Wow...I feel like I am talking to Mam in this conversation between us - You are far beyond some of the talking points you are presenting - You are taking givens and presenting them as gold nuggets... EVERYONE knows you cannot prevent competition - and preventing competition was in no way shape or form the point I was making in my first post - In this response, you miss the point again - I am not saying ebay should try to be like Amazon in its current state - Its too late and its been too late for a long time - I am saying ebay WAS at the top of the heap with Amazon barely a known brand for many years - an online bookstore started out of Bezos garage - If ebay had made the right business decisions, there is no reason they could not have been the venue that has 40% of the domestic online sales market - They had every opportunity - And even today, knowing what it takes to succeed in online sales, with proven formulas, strategies and technology, they continue to cede market share like they have it to spare... seemingly always working within their short-sited revenue generation model of "oh we dont have to give people a reason to come to us, we just have to take more money from those who do"...
01-31-2024 09:31 AM
One of the best comments I've read on the community board. It is exactly true. All they do is take & treat seasoned eBay veterans like they are newbies who need restrictions, etc. to prevent scamming. It started with taking a % of the shipping fees. They got away with that so they can move on to other ways of dipping into sellers' pockets.
01-31-2024 11:26 AM
@isaiah53-57 wrote:
@chapeau-noir wrote:
Donohoe already tried the beating Amazon at its own game thing - neither realistic nor desirable, really. eBay would have to acquire and then build out a huge logistics infrastructure as well as growing organically a catalog for a cohesive search - hard to do with a lot of pre-owned tchotchkes and clothing (you'll remember they tried) - support natively grown brands, white label brands and fulfillment services, develop AWS and cloud services. We're looking at two different beasts.
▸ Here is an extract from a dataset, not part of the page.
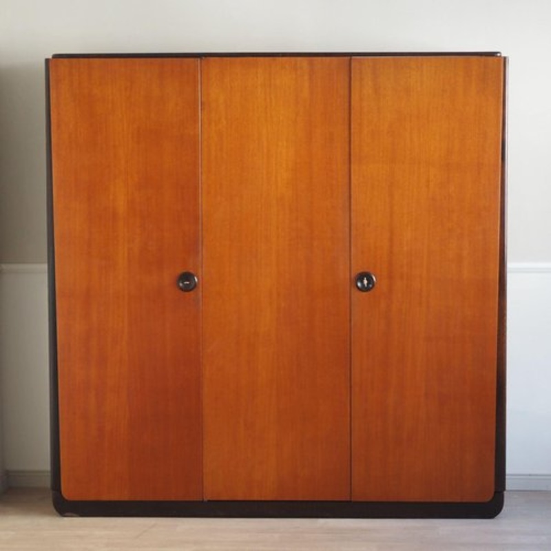 To match our 2-door midcentury cabinet, we offer a stylish 3-door cabinet in a midcentury modern style. This stylish vintage wardrobe from the mid-century era impresses with its clear design, warm wood tones and striking black and dark brown sides and edges. The round recessed handles underline the minimalist design and give it a modern, timeless character. Special interior equipment: Glass shelves on the left, a long clothes rail and hat rack on the right. Material: Solid wood with high-quality veneer Dimensions in cm: Height: 182 / Width: 179 / Depth: 59 cm Origin: Made in what was then Czechoslovakia, an example of the precise craftsmanship of this era. Features: Simple, round recessed handles and a spacious interior for versatile use Wide hinged doors, classic mid-century design with minimalist lines, warm wood tones and modern contrasts Condition: The cabinet is in very good condition. There are minimal, age-related signs of wear that underline the vintage character of the furniture. The doors and hinges function properly and the interior is clean and well preserved.

ETA: I agree though that in general companies fail due to bad management more often than due to lack of capital.
Wow...I feel like I am talking to Mam in this conversation between us - You are far beyond some of the talking points you are presenting - You are taking givens and presenting them as gold nuggets... EVERYONE knows you cannot prevent competition - and preventing competition was in no way shape or form the point I was making in my first post - In this response, you miss the point again - I am not saying ebay should try to be like Amazon in its current state - Its too late and its been too late for a long time - I am saying ebay WAS at the top of the heap with Amazon barely a known brand for many years - an online bookstore started out of Bezos garage - If ebay had made the right business decisions, there is no reason they could not have been the venue that has 40% of the domestic online sales market - They had every opportunity - And even today, knowing what it takes to succeed in online sales, with proven formulas, strategies and technology, they continue to cede market share like they have it to spare... seemingly always working within their short-sited revenue generation model of "oh we dont have to give people a reason to come to us, we just have to take more money from those who do"...
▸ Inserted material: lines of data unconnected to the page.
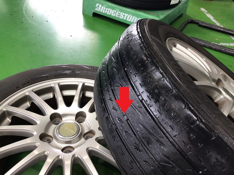 交換前のタイヤなんですが、スリップサインまであと少しの状態になってました。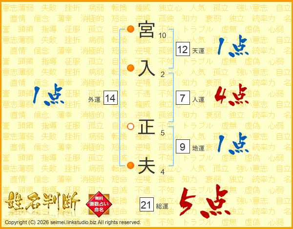 生活面を象徴する運勢です。外部から受ける影響力を表し、結婚運、家庭運や職場、環境への順応性を表します。総運から人運を引いた画数。姓や名が1文字の場合を除く。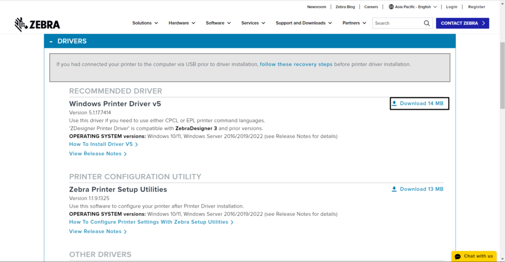 Auch veraltete Druckertreiber könnten der Grund dafür sein, dass Ihr Zebra-Drucker nicht funktioniert. Also,Laden Sie die neuesten Treiber für Ihren Zebra-Drucker herunterund installieren Sie sie, um zu sehen, ob das Problem dadurch behoben wird. Sie können dasselbe anwenden, indem Sie die unten aufgeführten Anweisungen befolgen: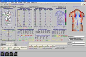 Основная экранная форма пакета WTOPO предназначена для отображения топографических результатов обследования пациента. На форме выводятся графические представления восстановленной поверхности туловища пациента и количественные параметры, описывающие состояние осанки и формы позвоночника в трех плоскостях: фронтальной, сагиттальной и горизонтальной.

"Has anyone figured out a way to reduce or nullify competition?... ummmm... Amazon?....Thing is, ebay could have very easily been in Amazon's current position - And that goes back to management..."
I was answering this particular question. Two.different.beasts. Trying to chase Amazon did not work. I'm not sure how to make this more clear.
01-31-2024 11:29 AM
Just a couple categories
01-31-2024 06:52 PM
These categories & the amount of competition means nothing to a seller like me. I do not sell any of those. My best 2 weeks involved 86 sales. For over 2 years, I was unable to get 10 per month! How much competition exists has no bearing on the overall downfall of eBay being a great place to sell. As it has been said in this thread, poor management is to blame for several people trying to earn money here. Failed decisions after failed decisions. Nothing has improved on behave of the sellers.